# Simple Probability Question(HELP)

1. Nov 26, 2007

### Beowulf2007

1. The problem statement, all variables and given/known data

Given that $$P(T) = P(U) = 0$$ then show that $$P(T \cup U) = 0$$

Given that $$P(T) = P(U) = 1$$ then show that $$P(T \cap U) = 1$$

2. Relevant equations

I am told that I need to use the following equations.

(1) $$P(T \cup U) = P(T) + P(U)$$ if $$P(T \cap U) = 0$$

(2) $$P(T \cup U) = P(T) + P(U) - P(T \cup U)$$

3. The attempt at a solution

My Solution for question one.

Since We know that $$P(T) = P(U) = 0$$ then by using eqution

We get that $$P(T \cup U) = P(T) + P(U) = 0 + 0 = 0$$

My Solution for question two.

Here I have a feeling that I need to use equation two, but how do I deduce
$$P(T \cup U)$$ ??

Best Regards
Beowulf..

2. Nov 26, 2007

### e(ho0n3

The last term should be $P(T \cap U)$.

How do you know to use equation (2)? What if $P(T \cap U) \ne 0$?

Why do you have a feeling? Describe your reasoning.

3. Nov 26, 2007

### Beowulf2007

From what I see it $P(T \cap U)$ cannot be larger than one for obvious reasons. Because that would give a negative probability.

I am not sure about that, another way of proving question (2)

Could it say If P(C) is the entire probability space where then since P(T) = P(U), then I could say $$P(C) = P(U) + P(T) = 2$$ and then $P(T \cap U) =P(U) \cdot P(T) = 1$
Then $P(T \cup U) = P(c) - P(U) \cdot P(T) = 1$

Is my argument my reasonable? If yes can it be used in (1) too?

Best Regards

Beowulf

Last edited: Nov 26, 2007
4. Nov 26, 2007

### e(ho0n3

I will write $T \cap U$ as TU for short. If I understand you correctly, you're saying that P(TU) cannot be greater than 1 because if it is, it's negative?!

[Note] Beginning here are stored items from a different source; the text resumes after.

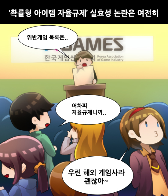 ÇÑ ¾÷°è °ü°èÀÚ´Â ¡°¡¯È®·üÇü ¾ÆÀÌÅÛ ÀÚÀ²±ÔÁ¦¡¯¸¦ ½ÃÇàÇÑ Áö ¾î´À Á¤µµ ±â°£ÀÌ Áö³µÀ½¿¡µµ ºÒ±¸Çϰí ÇØ¿Ü °ÔÀӻ縦 Áß½ÉÀ¸·Î ÁؼöÇÏÁö ¾Ê´Â »ç·Ê°¡ ¿©ÀüÈ÷ ¹ß°ßµÇ°í ÀÖ´Ù´Â Á¡Àº ¡®ÀÚÀ²±ÔÁ¦¡¯°¡ °¡Áø ½ÇÈ¿¼º¿¡ Àǹ®À» ǰ°Ô ÇÑ´Ù¡±¸ç ¡°ÇØ¿Ü¿Í ¸¶Âù°¡Áö·Î ¡®È®·üÇü ¾ÆÀÌÅÛ¡¯¿¡ ´ëÇÑ Á» ´õ ±¸Ã¼ÀûÀÌ°í °Á¦ÀûÀÎ ¹ý·ÉÀÌ ÇÊ¿äÇÏ´Ù´Â ¿ì·Á°¡ ³ô¾ÆÁö´Â °¡¿îµ¥ ¿ÃÇØ´Â ¡®ÀÚÀ²±ÔÁ¦¡¯°¡ ¾î¶² ¹æ½ÄÀ¸·Î °³Á¤µÉÁö °ü½ÉÀÌ ÁýÁߵǰí ÀÖ´Ù¡±°í ¸»Çß´Ù.
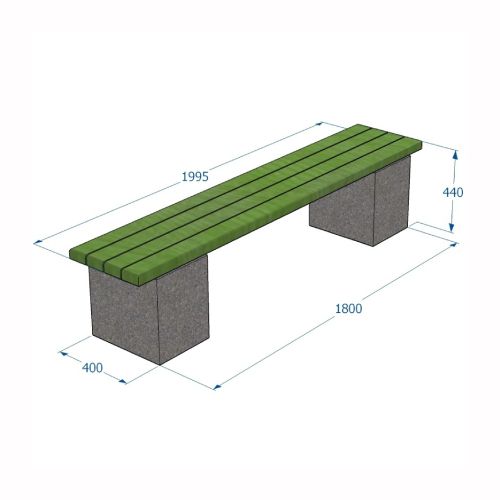 Betona soliņš ar koka dēlīšiem. Izmēri: garums 2000mm, platums 400mm, augstums 440mm. Svars: 250kg. Apdares metode: mazgāts betons. Iespējamie betona toņi: P101, P103, P106. Iespējamie koka dēlīšu toņi: 5050, 5053, 5055, 5059, 5061, 5066, 5068, 5071, 5072, 5075, 5076, 5077, 5085, 5086, 5089.
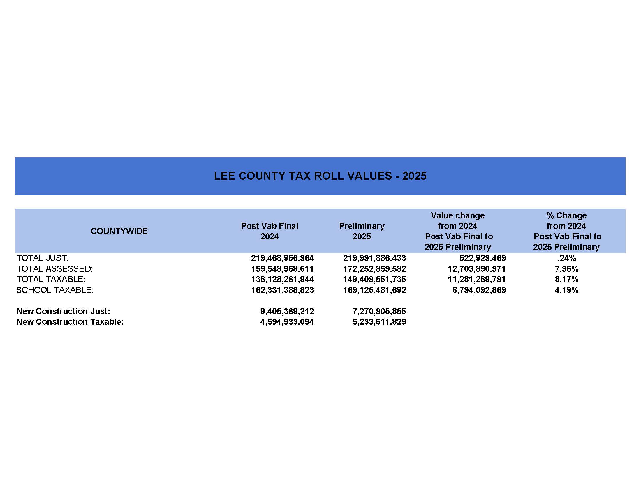 Lee appraiser releases 2025 tax roll values

By the axioms of probability, P(C) = 1, not 2. Note that P(U) and P(T) have the same probability. What does that say about C, U and T? Also P(TU) = P(T)P(U) if T and U are independent events. The problem does not mention that T and U are independent.

5. Nov 26, 2007

### Beowulf2007

Hello Again,

The whole problem is as follows: Let (S, E, P) be a probability space and let T and U be events(Nothing is said about the events).

Show, that if

(1) $$P(T) = P(U) = 0$$ then $$P(T \cup U) = 0$$

(2) $$P(T) = P(U) = 1$$ then $$P(T \cap U) = 1$$

My Solultion(1):$$P(T \cup U) = P(T) + P(U) = 0 + 0 = 0$$

My Solultion(2):$$P(T \cap U) = P(T) \cdot P(U) = 1 \cdot 1 = 1$$

Could this be it? What else is there to add?

Sincerely Yours
Beowulf

6. Nov 26, 2007

### e(ho0n3

This will only work if P(TU) = 0. Can you prove that?

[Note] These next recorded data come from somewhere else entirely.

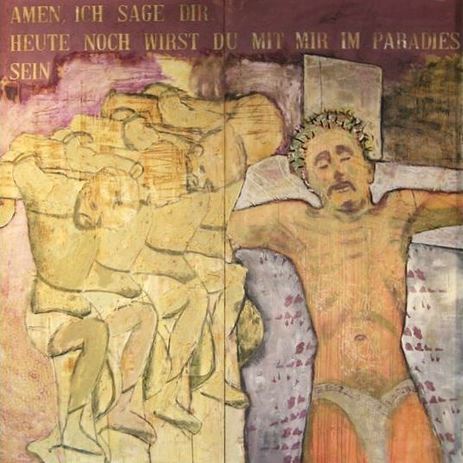 Auf der geschlossenen Außenseite des Altarbildes befinden sich vier völlig gleich aussehende Schacher zur Rechten des Gekreuzigten. Vielleicht finde auch ich einmal dort meinen Platz, wenn mein Leben vertan und verloren ist. So werden die Armen, die Verlorenen, die Sünder zu Boten, zu Aposteln der erbarmenden Liebe Gottes. Glücklich alle, die ihre Botschaft verstehen und annehmen können!
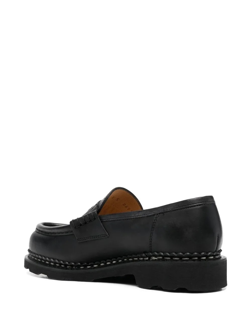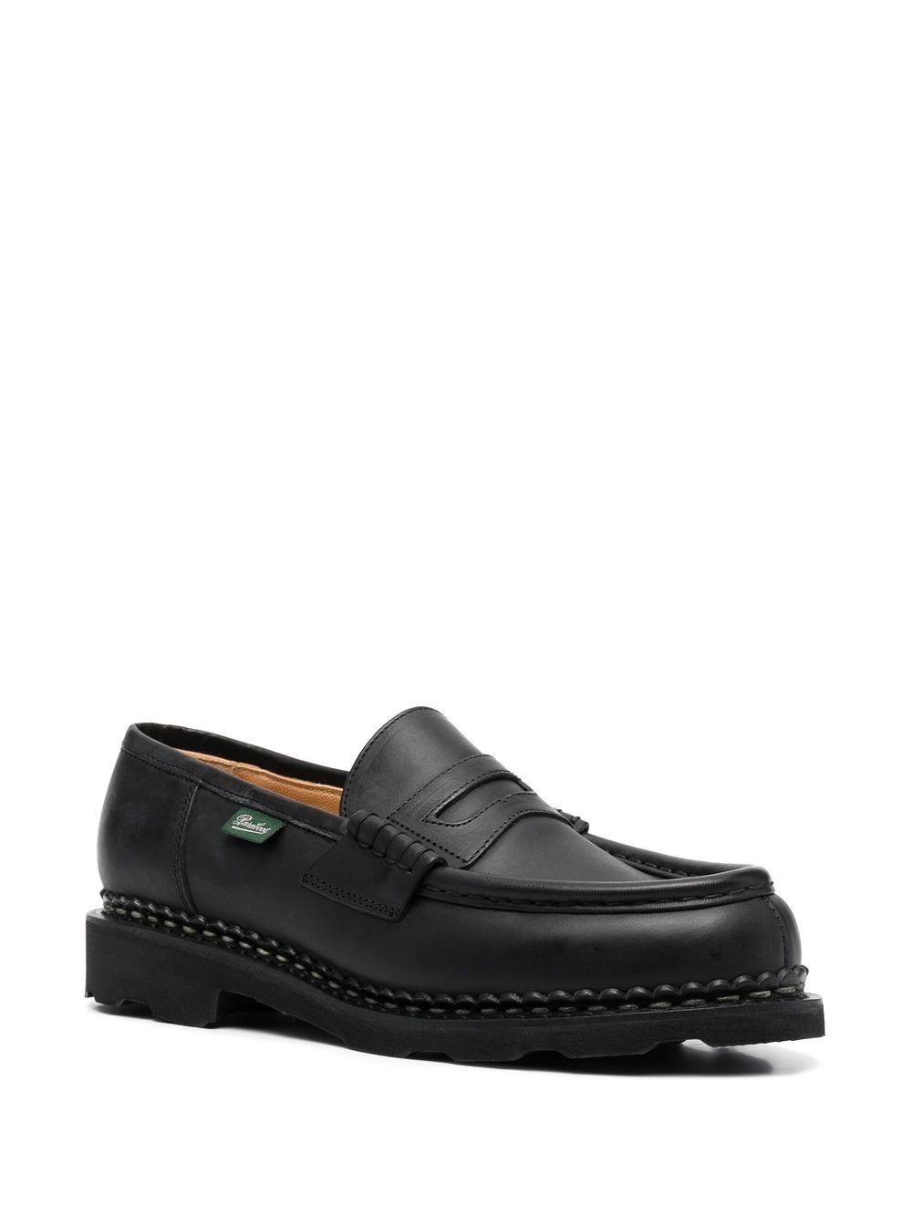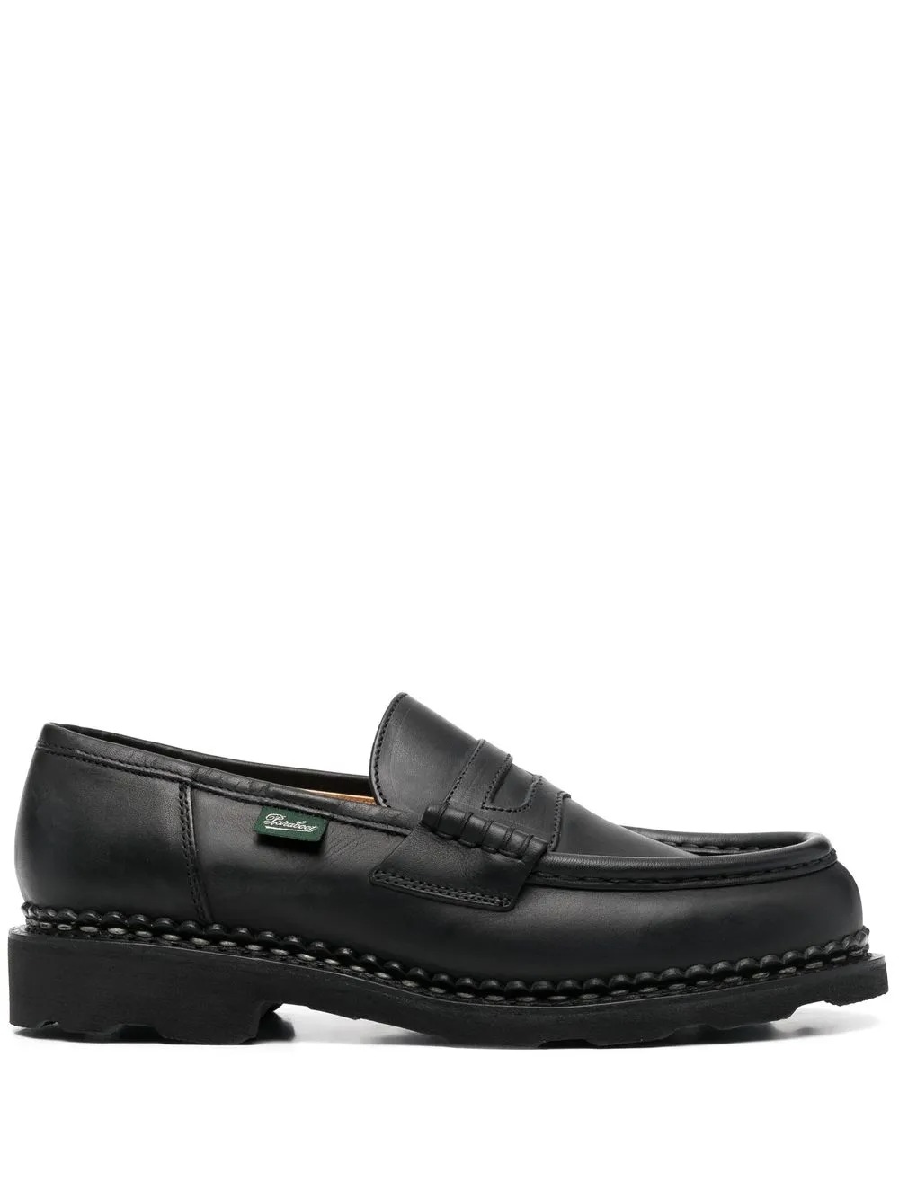 Mocassino nero Orsay di Paraboot in pelle con mini targhetta con logo, dettaglio cinghia, soletta in pelle con logo, punta smussata, design senza aperture e suola piatta in gomma.
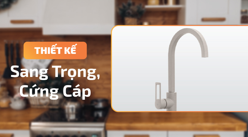 Màu sắc đất đẹp mắt của vòi tạo điểm nhấn và làm nổi bật không gian bếp. Những chi tiết nhỏ như thân vòi, cần gạt và đầu vòi được thiết kế hài hòa và tinh tế, tạo nên tổng thể bắt mắt.
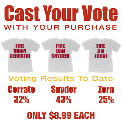 It's no secret that your beloved Redskins are in need of change. Do you part and voice your opinion with the new 'Cast Your Vote' t-shirts. Now available in most of our locations. Who do you think should be fired?
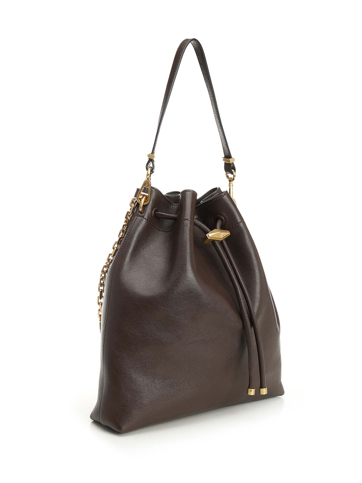 JIMMY CHOO: Bucket bags - Brown Leather Cinch Bucket Bag

This will only work if T and U are independent. Can you prove that?

7. Nov 26, 2007

### Beowulf2007

Question(a)

This will only work if P(TU) = 0? By this you mean proving that P(TU) = emptyset.

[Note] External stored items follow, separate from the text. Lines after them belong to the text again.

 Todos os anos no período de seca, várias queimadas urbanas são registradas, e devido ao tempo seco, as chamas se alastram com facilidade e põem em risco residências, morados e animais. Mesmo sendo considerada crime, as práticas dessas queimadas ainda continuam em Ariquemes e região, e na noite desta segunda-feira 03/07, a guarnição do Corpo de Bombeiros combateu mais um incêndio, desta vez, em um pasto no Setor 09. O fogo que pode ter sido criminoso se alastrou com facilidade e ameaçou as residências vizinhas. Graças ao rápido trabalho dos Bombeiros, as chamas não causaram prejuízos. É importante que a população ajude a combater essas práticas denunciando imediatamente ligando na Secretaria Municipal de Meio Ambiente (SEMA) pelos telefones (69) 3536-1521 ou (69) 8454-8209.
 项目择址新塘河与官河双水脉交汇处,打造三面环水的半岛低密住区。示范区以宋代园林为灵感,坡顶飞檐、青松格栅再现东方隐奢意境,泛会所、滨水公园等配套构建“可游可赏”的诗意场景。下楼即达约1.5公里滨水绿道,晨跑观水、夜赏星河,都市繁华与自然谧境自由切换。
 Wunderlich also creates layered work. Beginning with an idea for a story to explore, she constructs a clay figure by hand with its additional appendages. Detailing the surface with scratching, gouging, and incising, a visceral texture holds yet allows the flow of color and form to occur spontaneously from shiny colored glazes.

The only that I know here is the that is the consequence of the formula P(T U U) = P(T) + P(U).

Is that what you mean??

Question(b)

Since nothing is said about the events being indepedent do I assume they are??

Finally if these two can be proved, does that then complete the solution for (1) and (2)??

Sincerely Beowulf.

Last edited: Nov 26, 2007
8. Nov 26, 2007

### e(ho0n3

TU is not necessarily empty. Consider the elements in TU individually and their probabilities when considered as events.

No. Forget about independence for the moment. If P(X) = 1 where X is some arbitrary subset of the sample space, what can you say about X?

All you have to do is show that your results follow from the axioms of probability.

9. Nov 27, 2007

### Beowulf2007

Regarding (1) do I considered the events to the mutually exclusive?? And therefor if P(T) occurs then P(U) also occurs and thus P(T u U ) = P(T) + P(U)?

Or is the explaination more simple??

In (2) Is it something to do with the events being mutually inclusive??

SR

Beowolf

10. Nov 27, 2007

### e(ho0n3

You're going about it the wrong way. For problem (1) you're told that P(T) = P(U) = 0. What does this say about T and U? Ditto for problem (2).

11. Nov 27, 2007

### Beowulf2007

Just so we understand each other. Do You mean?

$$T \subseteq U$$ and $$U \subseteq T$$

Therefore their union is defined as

$$T \cup U = T + U$$

Therefore their intersection is defined as

$$T \cap U = T \cdot U$$

And then use this fact to claim that my result in (1) and (2) are true!

How does that sound?

BeoWulf

Last edited: Nov 27, 2007